From RetroSheet, I used the 30-file collection of roster files from the "2022 Play-by-Play, Regular Season Event Files" download.

To access this download, I used the "Data downloads" menu ⇨ "Play-by-play files"

Then, under "Regular Season Event Files," I cliked the "2022" link and a file called `2022eve.zip` automatically downloaded. In my downloads folder, I double-clicked the file and it unzipped into a folder called `2022eve`. I put this folder into a folder called `RetroSheet`. 

*This is important for running the code in this notebook, if the files are stored anywhere else then this will result in errors or require code edits.*

In [4]:
retrosheet_folder = 'RetroSheet/2022eve'

## Data Exploration

### Baseball Reference

Both the Player Standard Pitching table and the Player Standard Batting table list every MLB player who pitched or batted (respectively) in 2022.

Some players are represented by multiple rows. This occurrs when a player appeared for multiple teams in the season.

Each player's name, age, team and leauge are listed. There are also many counting, rate, and advanced statistics listed. The last column, called `Name-additional`, is the player's Baseball Reference unique identifier. In this project, I'll be focusing on just the players' names and unique identifiers.

Left handed pitchers and batters are denoted with an asterisk (`*`) after their name. Switch hitters are denoted with a pound sign (`#`).

With respect to player names, I notice two important things. The first is that player names include character accents. The second is that Baseball Reference uses a unicode character called `No-Break Space` (` `) in between components of player names instead of the standard `Space` (` `) character.

### RetroSheet

The 2022 "Regular Season Event Files" download contains 61 files:
* 1 file called `TEAM2022`
* 30 "Event Files" ending in `.EVN` or `.EVA`
* 30 roster files ending in `.ROS`

In this project, I need the 30 roster files. There is one roster file for each MLB team, listing all the MLB players for that team in 2022. Each line corresponds to one player, and includes the following infomation:
* RetroSheet unique identifier
* Last name
* First name
* Bating handedness
* Throwing handedness
* Team
* Position

Even though RetroSheet does not choose to use the `.csv` extension, these roster files are still essentially comma separated value files.
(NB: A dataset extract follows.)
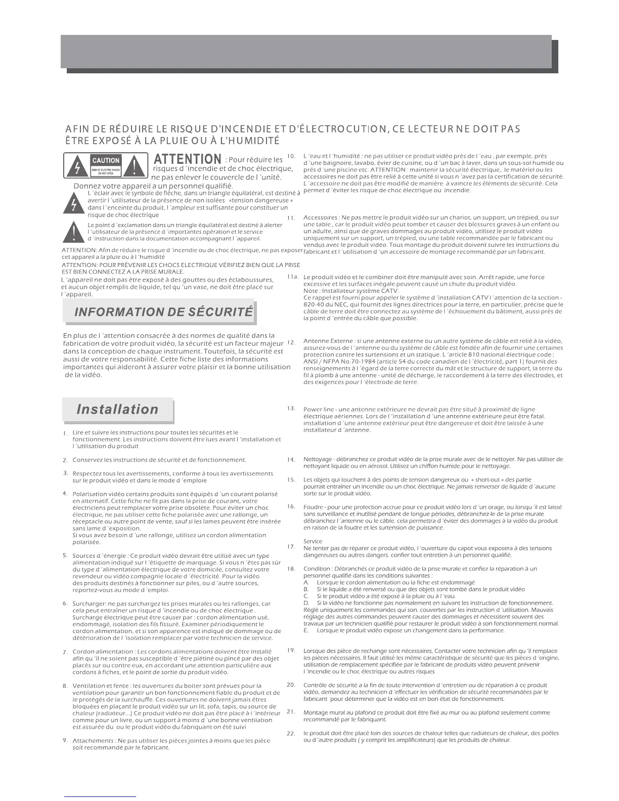 INFORMATION DE SECURITE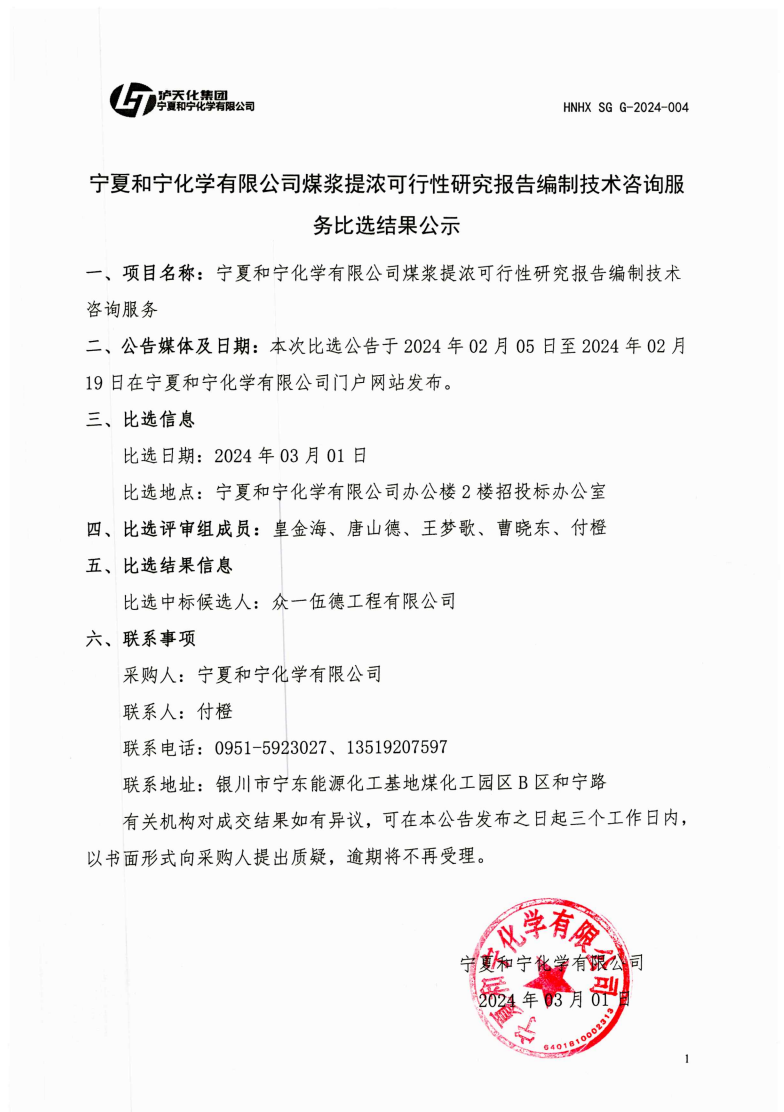 寧夏和寧化學有限公司煤漿提濃技術改造項目可行性研究報告編制技術咨詢服務比選結果公...

In this project, I'll be focusing on just the players' names and unique identifiers.

[RetroSheet offical documentation is available on their website.](https://www.retrosheet.org/eventfile.htm)

## Data Preparation

In order to process the player name and unique ID information, I need to do some pre-processing to prepare the data.

The final result of this step will be two tables, one for each data source. Each table will have a row for each 2022 MLB player, with a column for their name and a column for their respective ID.

### Baseball Reference

First, I'll import the two Baseball Reference files and combine them into one table. Then I'll do some processing to remove duplicate rows and adjust the formatting of the player names.

In [5]:
# Import both the Batting and Pitching tables from the .csv files
# Using only the Name and Name-additional (unique ID) columns
bbref_pitching_path = bbref_folder + '/' + bbref_filename_list[0]
bbref_pitching_dataframe = pd.read_csv(bbref_pitching_path, usecols = ['Name', 'Name-additional'])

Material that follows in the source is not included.